Os refugiados que resolveram fugir a pé pelas florestas, eram caçados por soldados sérvios e tinham suas gargantas cortadas. Ninguém sabe exatamente quantas pessoas morreram no Massacre de Srebrenica. Analistas estimam um número de superior a 8.000 pessoas, principalmente de homens e meninos. Ratko Mladic foi preso em 26 de maio de 2011 em Lazarevo, região no norte da Sérvia.

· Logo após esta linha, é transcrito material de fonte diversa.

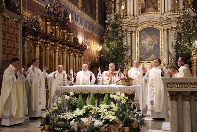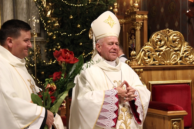 Po Mszy św. biskupi przełamali się opłatkiem z wiernymi. Uroczystość uświetniła orkiestra „Gród nad Prosną” i chór „Canticum”.

Vala comum em Srebrenica, exumada em 2007. Foto: Adam Jones adamjones.freeservers.com
No dia 6 setembro de 2013, a Suprema Corte Holandesa declarou que a Holanda foi responsável pela morte de três homens muçulmanos bósnios, vez que os boinas azuis (forças de paz holandeses) arbitrariamente haviam ordenado a esses homens que deixassem o complexo das Nações Unidas durante o Massacre de Srebrenica. Segundo a advogada das vítimas, Liesbeth Zegveld, a decisão foi um avanço porque “estabelece que as forças de paz da ONU não podem operar em um vácuo legal, onde não há prestação de contas ou reparação para as vítimas”.